Overheard by: Amused Freshman

Hippie girl on cell: Hey, mom! How are you? (pause) Not so good, actually, my bloodwork just came back and I have Lyme disease! (pause) I know…it's like 70 degrees here!

–42nd & Park Ave

Overheard by: AwkwardTwig

Angry bus driver: Get out of my rear. Get out of my rear.

–Q44 Bus

Overheard by: This is why men do not give birth

Law professor, pulling out a cough drop: Sorry guys, if I don't suck on this, I just won't make it.

–CUNY Law School

Overheard by: That's what she said

Chemistry teacher: No, it's really warm here. (pause) Feel my test-tube.

–Stuyvesant High School

Large black lady to girlfriend: I'm not gonna let him put his babbaganush in my peace pipe!

–Houston St & 1st Ave

Overheard by: ian has a face

Loud woman on cell: Yes, he stuck it up my right one, and when it was halfway in, I was like "ow, you need to take it out!" and then he stuck it up my left one, and I felt no discomfort!

–72nd & 2nd

Old lady to another: So is there an oral tradition in your family then?

–86th & Broadway

Overheard by: Frenchie

Fat girl at bar: Be hot, be educated, bend me over. That's all I want.

–Kenny's Castaways

Overheard by: Richard

Conductor (bitchily): Ladies and gentlemen, if you think the car you are in is too hot, feel free to get up and move!

–NJ Transit, Penn Station

Teenage girl to friend: Yeah, right, like, "Hi, I took the school bus with you in elementary school. Now you're really hot." (both laugh)

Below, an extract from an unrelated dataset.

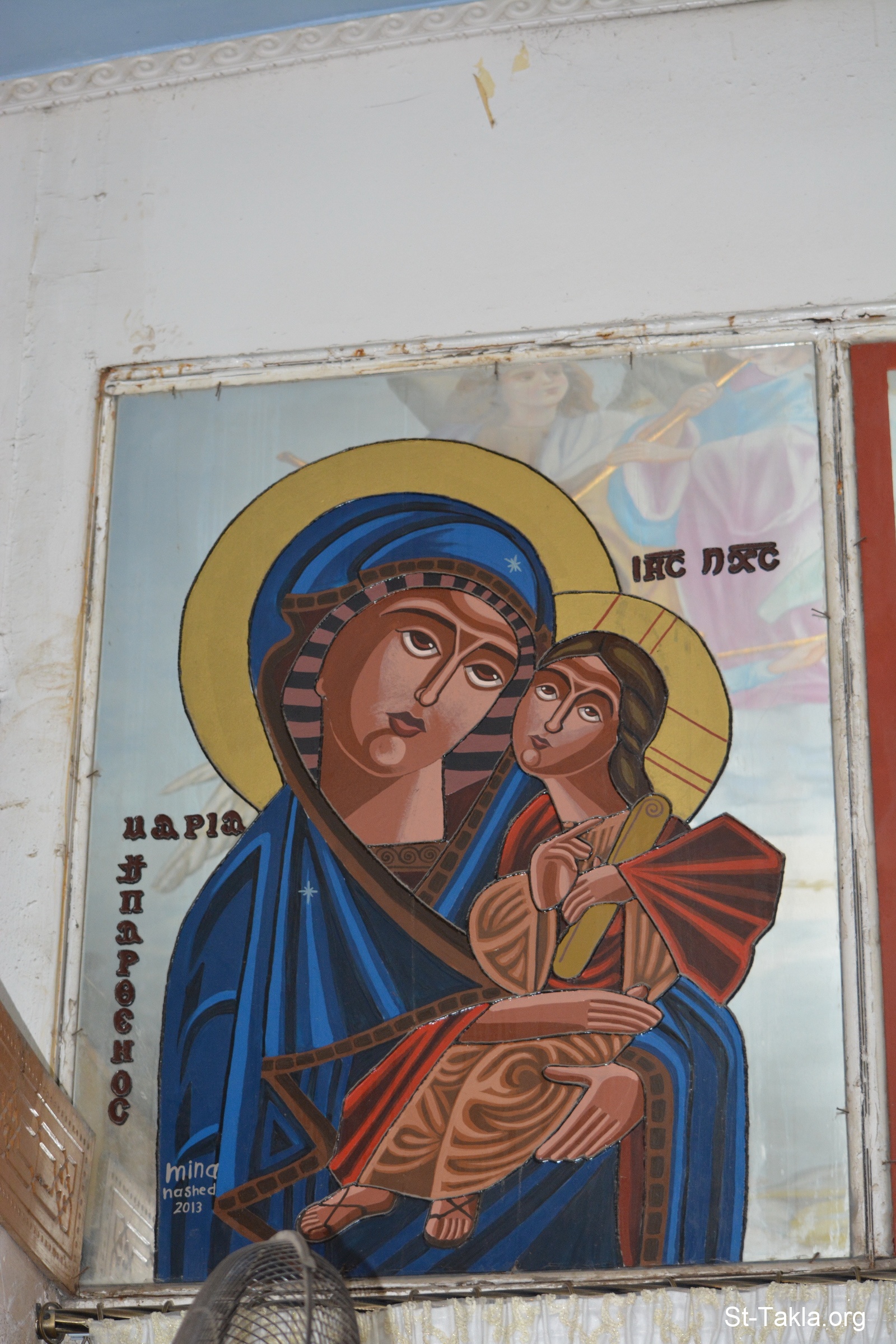 , Coptic art over a mirror by Mina Nashed, 2013 - St. Demiana Coptic Orthodox Church, Hadara, Alexandria, Egypt - (image 5) - Photograph by Michael Ghaly for St-Takla.org - 23 July 2022.

–Hunter College High School

Overheard by: Rosebud

Man on phone: Hey man, she was hot. But listen, don't tell her I have a girlfriend, okay?

–5th Ave & 10th St

Overheard by: i'm going to break it to her gently

Teenage girl on cell: Yes, I know you're not supposed to take pills from people you don't know, but he was so hot! And then I think I had sex with him.

–Chinatown Bus Station

Overheard by: Emily

Professor: Old people will sign anything.

–Brooklyn College

Professor: What do you guys think of this poster? It annoys me. I would wear this on a t-shirt just to annoy people.

–Pratt Institute

Sociology professor: New York is a megalopolis, while Boston is only a metropolis, although Bostonites would argue that… Bostonites… Bostoners… Bostonians? Pshhh, whatever.

–Fordham University

Overheard by: Sromeo

Philosophy professor, drawing: Here is the world… Here are some birds… And people. Here’s someone… Here’s someone hitting someone with an ax. Some people do axings… Some people don’t.

–Fordham University

Overheard by: no axings!

Old professor with French accent: Hot climate is associated in this book with passion or sex. I think that I, for example, really never did have sex in a sub-zero temperature.

–NYU Cantor Film Center

Overheard by: suddenly surrounded by students’ awkward snickers

Sociology professor: I’ll tell you a story that most people laugh hysterically at, but it actually makes me really sad… Kind of like Napoleon Dynamite.

–Fordham University

Overheard by: Sromeo

Hipster chick: … And she was wearing velvet?! Velvet! How can you wear velvet in this heat?!
Bicycle jock: Maybe it was CoolMax.

–F train

Overheard by: Braincurve

Girl: Well, she was clearly hurt. Her eye swelled up like a monkey’s vagina!
Guy: What? Like a monkey’s vagina?
Girl: Yeah, when they’re in heat.
Guy: Ohhh… Only monkeys’ vaginas swell?

–Elevator, 101st & Broadway

Preacher woman: They say, if you see something, say something — if you see a suspicious package, say something! Well, Hell is a suspicious package!
Commuter: Since it’s about a hundred and forty degrees down here, I’d say this was Hell. Who can I speak to about it?

–2/3 station, Fulton St

Overheard by: Karen Maria

Little girl: Mommy, I’m hot. Can we swim in there?
Mom: No, sweetie. Everyone in New York poops in that river.

–Ferry to Ellis Island

Guy in elevator: God, it’s hot! Must be my underwear…
Chick: Underwear, yeah?
Guy in elevator: Yeah, I got plastic underwear… [Chick is silent.] … For easy cleaning.

–28th & 6th

College girl #1: God, I’m so hot.
College girl #2: Yeah, I need a cold drink — something really cold.